Which brings us, inevitably, to neoliberalism ideology. Why ideology more generally rather than neoliberalism? A standard definition of ideology is “a system of ideas and ideals, especially one which forms the basis of economic or political theory and policy”. Ideology, being a system of ideas, is like a theory in that it can be right or wrong. But one characteristic of ideologies seems to be that they are particularly resistant to evidence that they are wrong.


Neoliberalism is an ideology that borrows a lot from economics, but as I have sometimes said it is the economics you get from doing a Principles (Econ 101) course and missing half the lectures. Or as Dani Rodrik explains more eloquently here, it is just bad economics. As economics is a science, we can show its wrong using evidence. That is one reason why Thatcher so early on clashed with economists, and Keith Joseph tried to cut their funding. Has neoliberalism adapted to the evidence about its errors and limitations? Of course it has not.


There are also ideologies on the left that can be just as resistant to evidence.
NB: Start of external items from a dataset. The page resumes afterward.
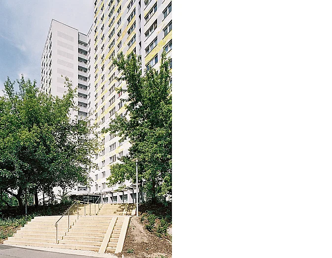 Das Doppelhochhaus wurde saniert. Im Jahr 2025 wurden die Fenster erneuert, es erfolgte die Installation von Photovoltaikanlagen an der Fassade und dem Dach. Die Aufzüge wurden modernisiert. Aktuell finden noch kleine Restarbeiten in den allgemeinen Bereichen des Wohnhauses und die Erneuerung der Außenanlagen statt. Im Haus und vor dem Haus sind ausreichend Fahrradstellplätze zur Verfügung.
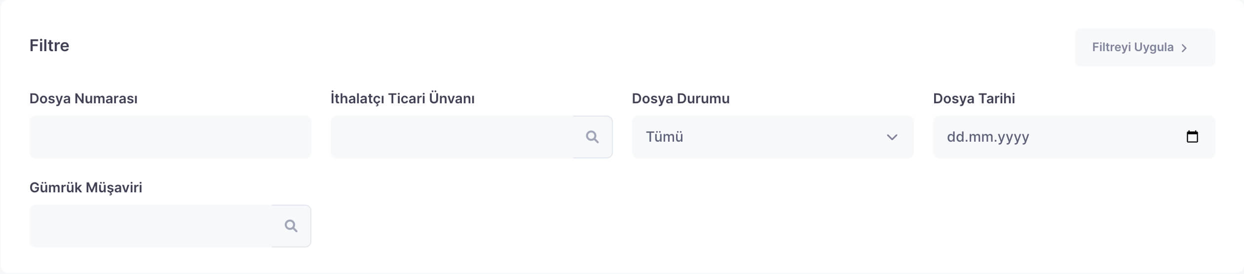 Kayıt edilen ihracat dosyaları arasından ilgili kaydı bulmak veya belirli kriterlere göre dosyaları filtrelemek için ‘Filtre’ alanını kullanın. Kriterleri belirledikten sonra alanın sağ üst tarafından bulunan ‘Filtreyi Uygula’ya tıklayın.
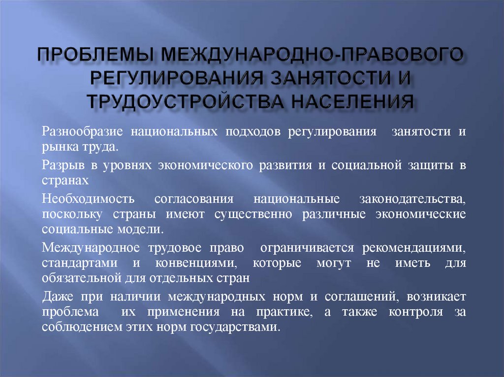 8. проблемы международно-правового регулирования занятости и трудоустройства населения
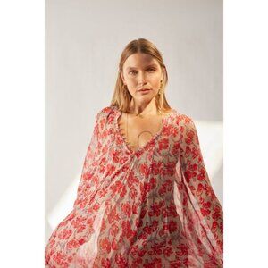 💕NATALIE MARTIN💕 Fiore Maxi Dress ~ Chiffon Watercolor Dove Medium M NWT
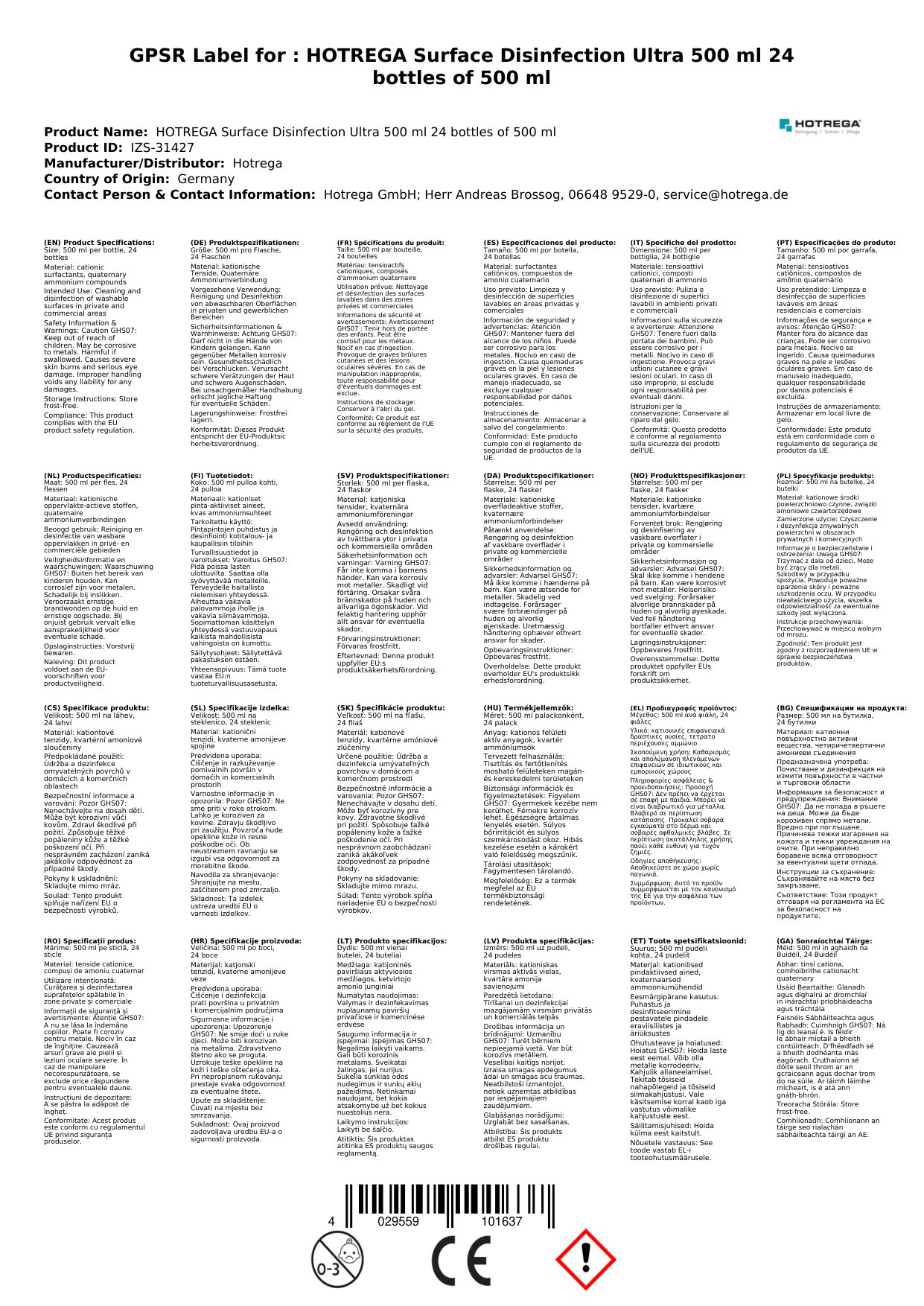 HOTREGA Flächendesinfektion Ultra 500 ml 24 Flaschen á 500 ml
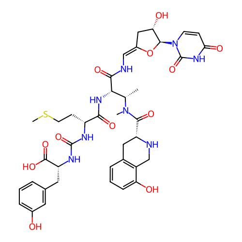 | SMILES | C[C@@H]([C@@H](C(=O)N/C=C\1/C[C@@H]([C@H](O1)N2C=CC(=O)NC2=O)O)NC(=O)[C@@H](CCSC)NC(=O)N[C@H](CC3=CC(=CC=C3)O)C(=O)O)N(C)C(=O)[C@H]4CC5=C(CN4)C(=CC=C5)O |
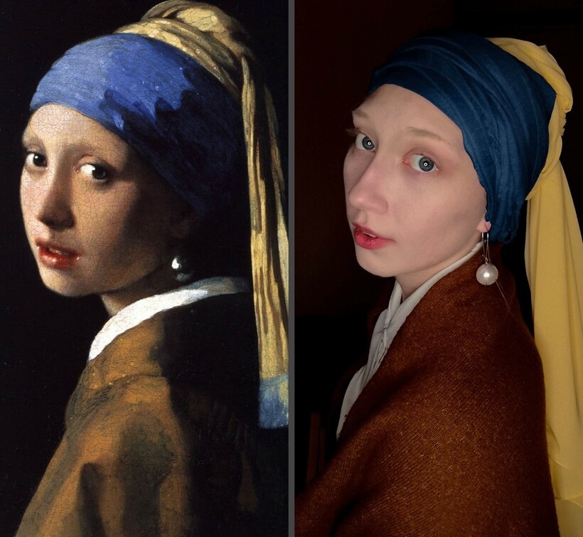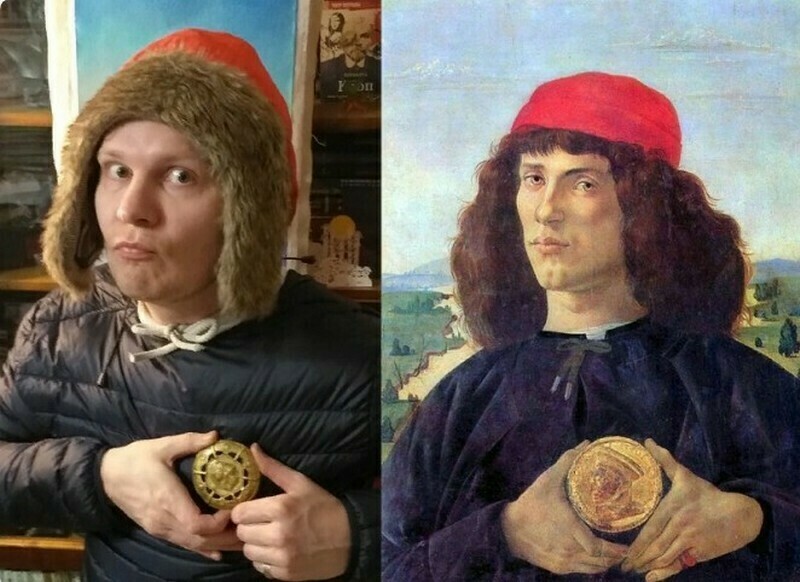 В эпоху пандемии появилось очень много фотопроектов, на которых люди воссоздают работы классиков у себя дома (об одном из таких проектов мы рассказывали вот тут). Однако это увлечение было популярно задолго до карантина. Группа «Сфоткай типа Рембрандт» еще в 2017 году объединила тысячи людей, любящих искусство. Пользователи «ВКонтакте» выкладывают фотографии, на которых они воссоздают известные картины и скульптуры. Здесь вы найдете косплей на любой вкус: кто-то воссоздает шедевры искусства детально и скрупулёзно, другие подходят к работам с юмором.

To take just one example, after the recent energy and food price hike there are some who deny that higher private sector wages will lead to greater inflationary pressure. The lessons of the 1970s have not been learned. Ideologies often connect to specific interests, and allow these interests to be portrayed as benefiting society rather than just specific groups. One reason an ideology persists despite some of its elements being clearly wrong is that these interests prevail.


However, to say that the modern Conservative party fails to learn from and adapt to failures, and can be anti-science, because of an attachment to an ideology is only half the story, and today may be even less than half the story. While neoliberalism began as an ideology that benefited businesses and corporations as a whole, in both the UK and US it seems to have degenerated into an excuse for some rich people, a few of whom own parts of the mainstream media, to demand lower taxes and deregulation.


These monied interests connect with each other and networks of journalists and politicians (some of whom may also be pretty wealthy, while others just want to be). But the origins of these networks in schools or universities attended is less important than it might have been with the old Establishment, because what drives them is the desire of those with money to have power. Sometimes this may be a general desire for power or influence, but more often it may be much more specific, such as the ability to get a government contract for example. In this case donations to the Conservative party become little more than investments with an expected return. For the very wealthy who pay a lot in taxes, donations to politicians campaigning for tax cuts can easily repay themselves over time.


For this reason the Truss premiership, and attempts to resurrect it, should not be regarded as some aberration but instead as the culmination of a transformation of the Conservative party that began with Thatcher and neoliberalism but has ended up with corruption and endless calls for tax cuts. Equally the scandal of the VIP lane for PPE equipment should not be seen as some oddity caused by a pandemic but instead as how today’s Conservative party thinks it should spend public money. We should not be surprised that this government seems so unresponsive to public opinion when it is monied interests that are calling the shots. In short, it doesn’t learn from its mistakes because it pays not to do so.


After 1997 the Conservative party didn’t learn from its mistakes because it was still in thrall to an ideology and the Prime Minister that championed it. If the party loses power at the next election, it will be the influence of money rather than ideology that prevents it from learning the obvious lessons, and money that stops it changing to better reflect public opinion on economic issues.